Activity:
An exact copy of the lines of the listing below between the "Laisse-toi emporter par" line and the "Около подъезда дома" line, both included, is the whole answer; please omit the pictures.

Supplied records section start

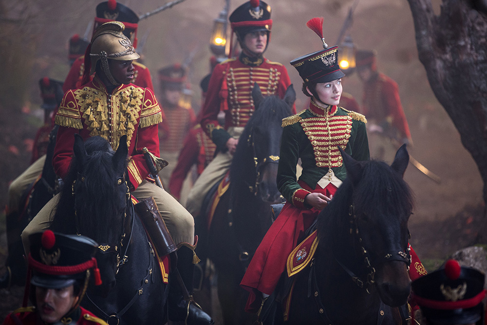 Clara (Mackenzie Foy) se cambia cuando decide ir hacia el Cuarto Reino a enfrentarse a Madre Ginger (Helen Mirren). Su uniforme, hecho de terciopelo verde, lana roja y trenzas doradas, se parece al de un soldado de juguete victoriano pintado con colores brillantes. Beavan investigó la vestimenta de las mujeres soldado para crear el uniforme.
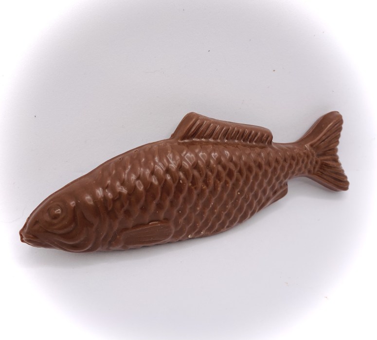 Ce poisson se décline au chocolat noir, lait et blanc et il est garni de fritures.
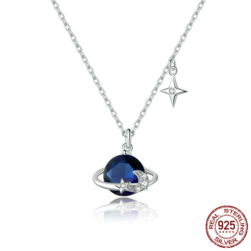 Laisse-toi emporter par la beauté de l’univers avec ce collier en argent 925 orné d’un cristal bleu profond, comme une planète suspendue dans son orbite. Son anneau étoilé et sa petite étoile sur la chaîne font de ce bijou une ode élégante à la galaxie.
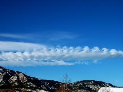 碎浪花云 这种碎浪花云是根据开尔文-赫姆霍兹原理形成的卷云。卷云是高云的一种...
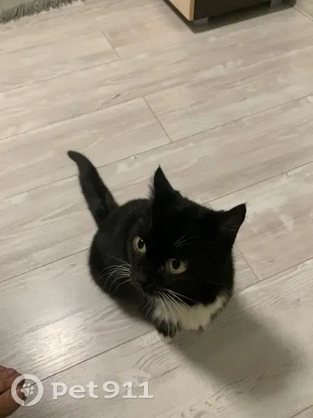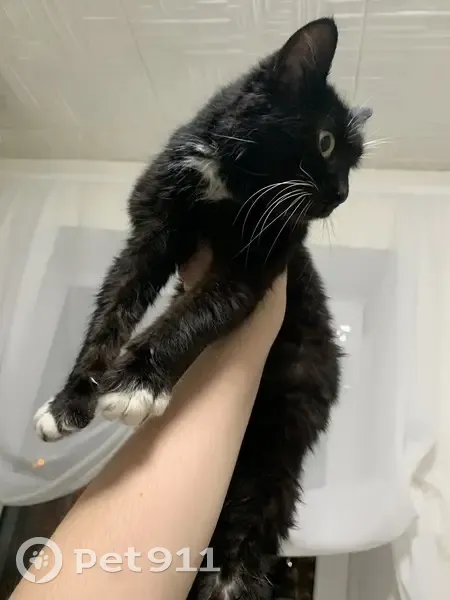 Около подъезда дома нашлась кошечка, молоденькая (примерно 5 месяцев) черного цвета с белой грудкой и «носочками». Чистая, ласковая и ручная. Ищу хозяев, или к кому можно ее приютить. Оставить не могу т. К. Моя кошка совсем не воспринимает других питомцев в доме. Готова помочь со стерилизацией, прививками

Supplied records section end
Supplied records section start

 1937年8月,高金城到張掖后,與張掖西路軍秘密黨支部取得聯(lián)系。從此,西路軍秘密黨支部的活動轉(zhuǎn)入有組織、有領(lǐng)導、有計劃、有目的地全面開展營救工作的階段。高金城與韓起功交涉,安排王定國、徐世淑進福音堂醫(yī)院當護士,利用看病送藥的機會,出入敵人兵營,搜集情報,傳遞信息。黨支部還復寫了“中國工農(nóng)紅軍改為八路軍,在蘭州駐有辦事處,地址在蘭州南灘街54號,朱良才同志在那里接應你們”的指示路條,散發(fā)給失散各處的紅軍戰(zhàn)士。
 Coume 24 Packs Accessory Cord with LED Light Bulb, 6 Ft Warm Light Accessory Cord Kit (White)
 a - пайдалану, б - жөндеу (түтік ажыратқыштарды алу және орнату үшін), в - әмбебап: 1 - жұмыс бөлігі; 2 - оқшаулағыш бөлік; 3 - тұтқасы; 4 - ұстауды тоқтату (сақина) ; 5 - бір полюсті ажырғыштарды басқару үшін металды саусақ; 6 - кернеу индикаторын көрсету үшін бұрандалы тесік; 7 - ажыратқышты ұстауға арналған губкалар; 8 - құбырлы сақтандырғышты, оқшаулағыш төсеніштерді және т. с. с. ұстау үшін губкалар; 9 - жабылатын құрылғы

Supplied records section end
Supplied records section start

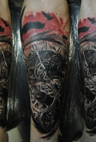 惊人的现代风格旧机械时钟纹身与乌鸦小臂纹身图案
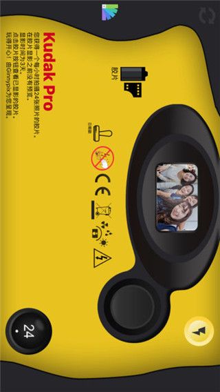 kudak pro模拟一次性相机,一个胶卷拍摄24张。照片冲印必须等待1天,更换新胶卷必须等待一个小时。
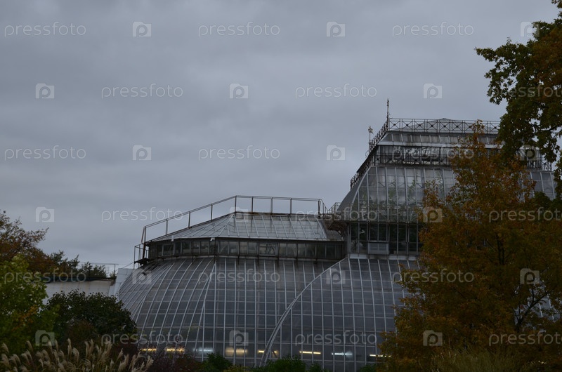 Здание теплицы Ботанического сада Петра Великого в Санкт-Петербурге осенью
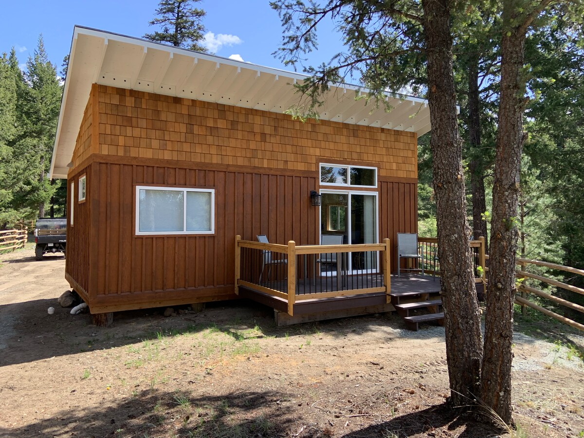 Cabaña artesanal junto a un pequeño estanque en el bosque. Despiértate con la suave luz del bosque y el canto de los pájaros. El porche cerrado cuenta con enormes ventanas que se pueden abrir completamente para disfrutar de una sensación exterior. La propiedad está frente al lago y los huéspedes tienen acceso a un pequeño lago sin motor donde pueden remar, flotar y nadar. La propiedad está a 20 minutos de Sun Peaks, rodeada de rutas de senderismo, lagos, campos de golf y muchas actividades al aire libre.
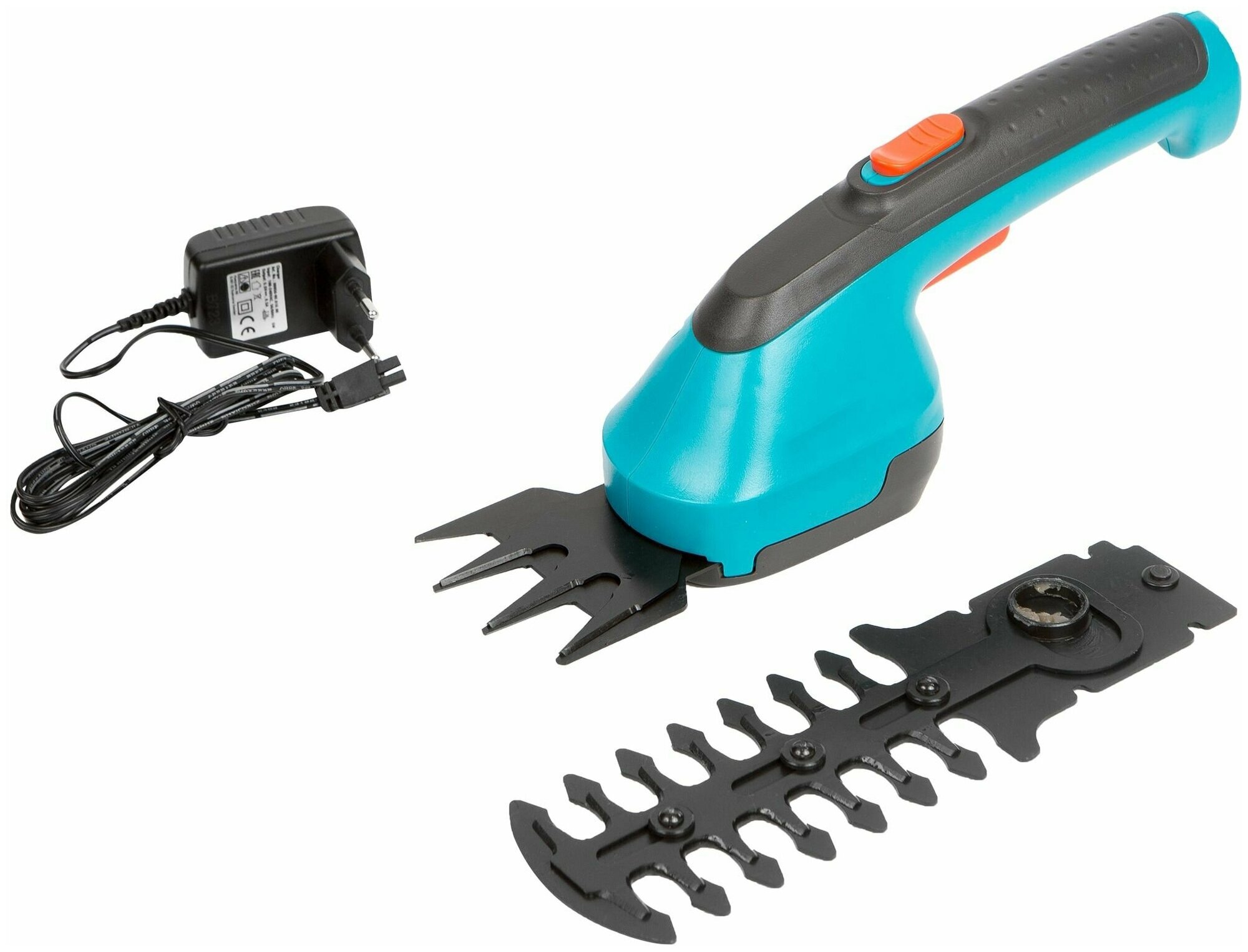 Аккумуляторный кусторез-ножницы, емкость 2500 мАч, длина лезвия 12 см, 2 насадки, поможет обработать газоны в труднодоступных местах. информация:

Supplied records section end

Solved exercise:
 Laisse-toi emporter par la beauté de l’univers avec ce collier en argent 925 orné d’un cristal bleu profond, comme une planète suspendue dans son orbite. Son anneau étoilé et sa petite étoile sur la chaîne font de ce bijou une ode élégante à la galaxie.
 碎浪花云 这种碎浪花云是根据开尔文-赫姆霍兹原理形成的卷云。卷云是高云的一种...
 Около подъезда дома нашлась кошечка, молоденькая (примерно 5 месяцев) черного цвета с белой грудкой и «носочками». Чистая, ласковая и ручная. Ищу хозяев, или к кому можно ее приютить. Оставить не могу т. К. Моя кошка совсем не воспринимает других питомцев в доме. Готова помочь со стерилизацией, прививками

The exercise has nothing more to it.